Un contexte qui demeure contraint

D'autres recettes dont elle bénéficiait jusqu'ici sont également appelées à disparaître dès l'an prochain, à l'image de la taxe d'habitation sur les résidences principales, que les collectivités ne pourront plus recueillir à compter de 2021.

"Si des mesures de contreparties sont prévues pour les communes et les intercommunalités (transfert de la taxe du foncier bâti des départements pour les unes, reversement de la TVA nationale pour les autres), il n'en reste pas moins que les premiers impacts budgétaires vont se ressentir dès cette année", estime Grenoble Alpes Métropole, non sans regretter que cette réforme fasse "perdre aux collectivités une partie de leur souveraineté financière" face à l'Etat.

D'un autre côté, la Métro a accueilli, depuis 2015, un certain nombre de transferts de compétences liés à son statut : avec l'arrivée, sous son égide, d'équipements d'intérêt métropolitain (MC2, Hexagone, Vélodrome...) en 2016, de la compétence voirie en 2017, de la gestion des milieux aquatiques et prévention des inondations en 2018, ou encore du champs emploi et insertion en 2019... En 2020, ce sera encore le cas puisqu'elle prendra la responsabilité des sites du Col de Porte et du Sappey-en-Chartreuse (à l'exclusion des remontées mécaniques), ainsi qu'en matière d'hébergement et d'accompagnement vers l'emploi pour les plus démunis.

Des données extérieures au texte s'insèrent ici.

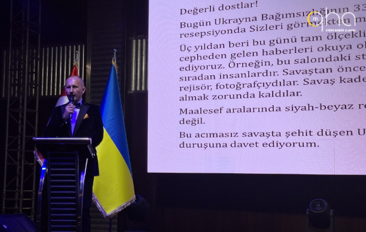 Ukrayna'nın bağımsızlığının 33. yılının kutlandığı resepsiyona; Türk dünyasının yaşayan efsanesi, Kırım Tatar halkının milli lideri ve Ukrayna Milletvekili Mustafa Abdülcemil Kırımoğlu'nun eşi Safinar Cemileva, Kırım Tatar Milli Meclisi (KTMM) üyeleri Gülnara Bekirova ve Abmecit Süleymanov, Kırım Derneği İstanbul Şube Başkanı Celal İçten, Kırım Derneği İstanbul Anadolu Yakası Şube Başkanı Şebnem Sözen, Kırım Derneği Gebze Şubesi Başkanı Nermin Ekim, Türkiye Ukrayna Romanya Kırım Sanayici İş İnsanları Derneği (TURKSİD) Başkanı Erhan Baştuhan, İstanbul’daki Ukrayna Dayanışma Derneği Başkanı Tetiana Fecan-Baştepe, Ukrayna Kültür Derneği Başkanı Munavar Useinova, Ukrayna'nın Bursa Fahri Konsolosu Görkem Şehsuvar, Tekirdağ Fahri Konsolosu Bilal Ahmadov, Çanakkale Fahri Konsolosu Mehmet Işık ve çok sayıda davetli katıldı.
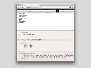 O documento aborda a compatibilidade de CSS com navegadores antigos, especialmente o Internet Explorer 7 e 8, discutindo propriedades como display, opacity e seletores avançados. Ele detalha a utilização de pseudo-elementos e contextos de formatação, além de apresentar o clearfix e técnicas para lidar com floats. Links e referências úteis são fornecidos para aprofundamento no tema.
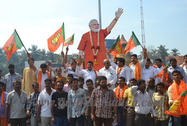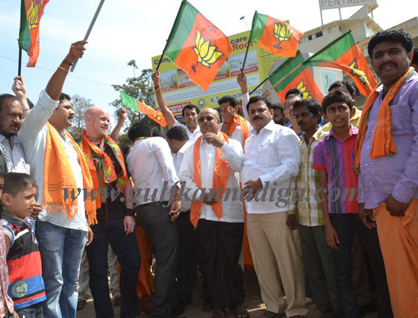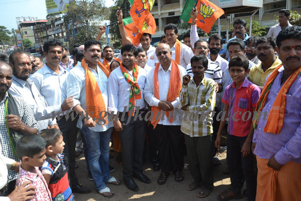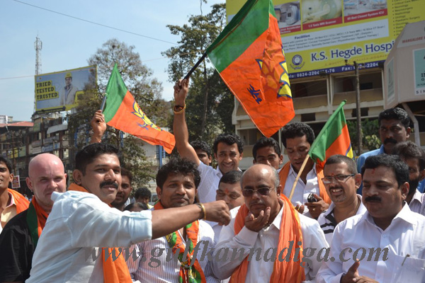 Mangalore, Dec. 8: The members of Bharathiya Janata Party (BJP) celebrated ‘Vijayotsava’ in different places of Mangalore on Sunday, December 8.
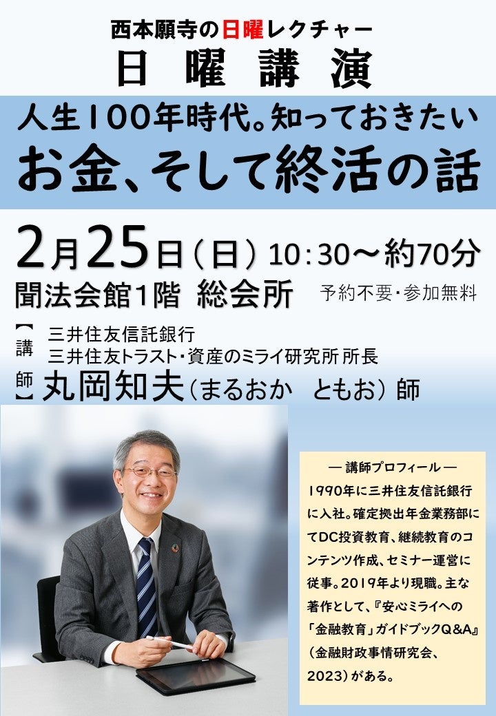 西本願寺 日曜講演 2月開催のお知らせ【人生100年時代。知っておきたいお金、そして終活の話】
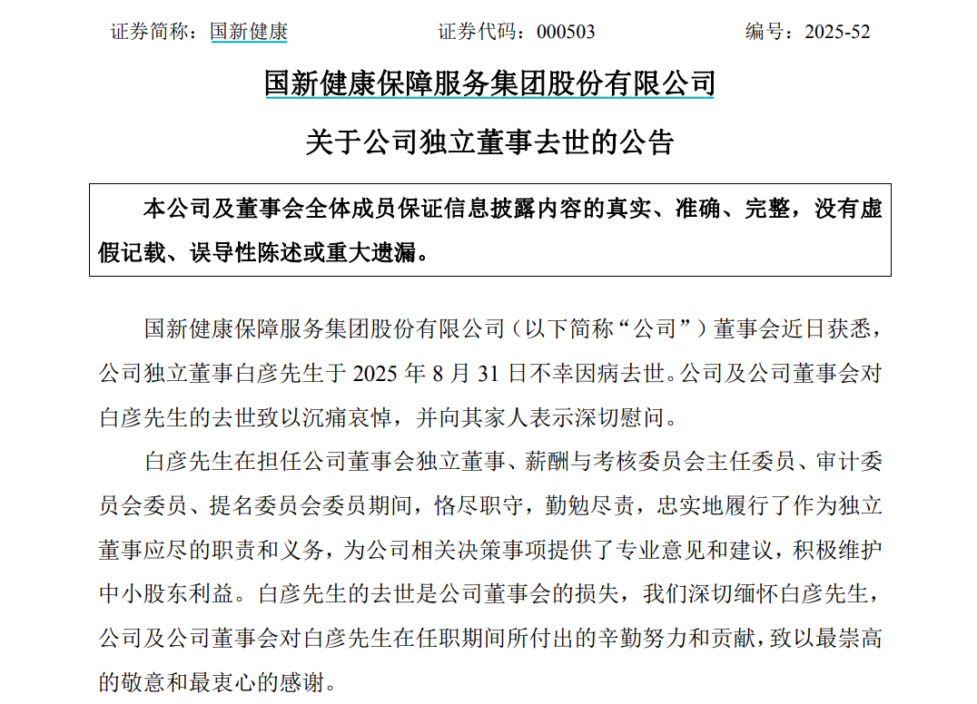 9月4日,国新健康发布公告称,公司独立董事白彦于2025年8月31日不幸因病去世。白彦生前担任公司董事会独立董事、薪酬与考核委员会主任委员、审计委员会委员、提名委员会委员。
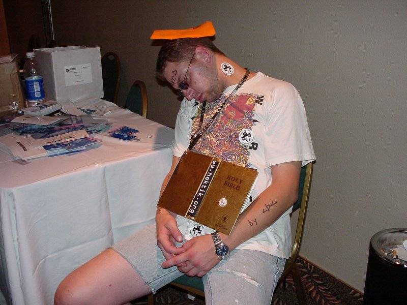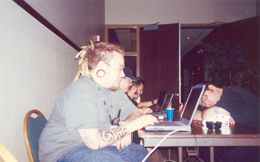 | discore_2.jpg | 6000 hackers in one place and he's still on IRC. |
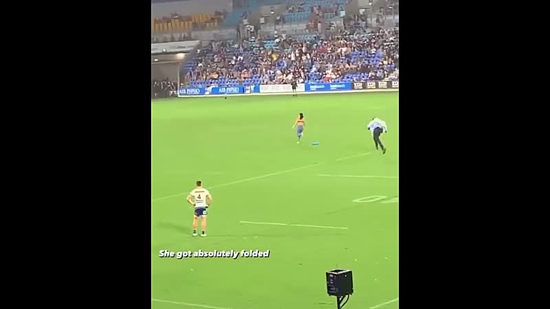 De video van de Australische Javon Johanson, die tijdens een rugbywedstrijd besloot d'r shirt uit te trekken en het veld op te rennen, gaat momenteel vrij hard rond. Niet per se omdat ze al streakend het veld over gaat, maar vooral omdat de steward haar met een heerlijke tackle neerhaalt.

En 2020, la métropole reversera également 119 millions d'euros aux communes, dont 23,5 millions d'euros dans le cadre de la dotation de solidarité communautaire (DSC),  "reconduite à l'identique depuis 2014". Elle restituera également plus de 3 millions d'euros de son produit de taxe d'aménagement aux communes ainsi que 7,6 millions d'euros de dette des communes en 2020 suite aux transferts de compétences réalisés.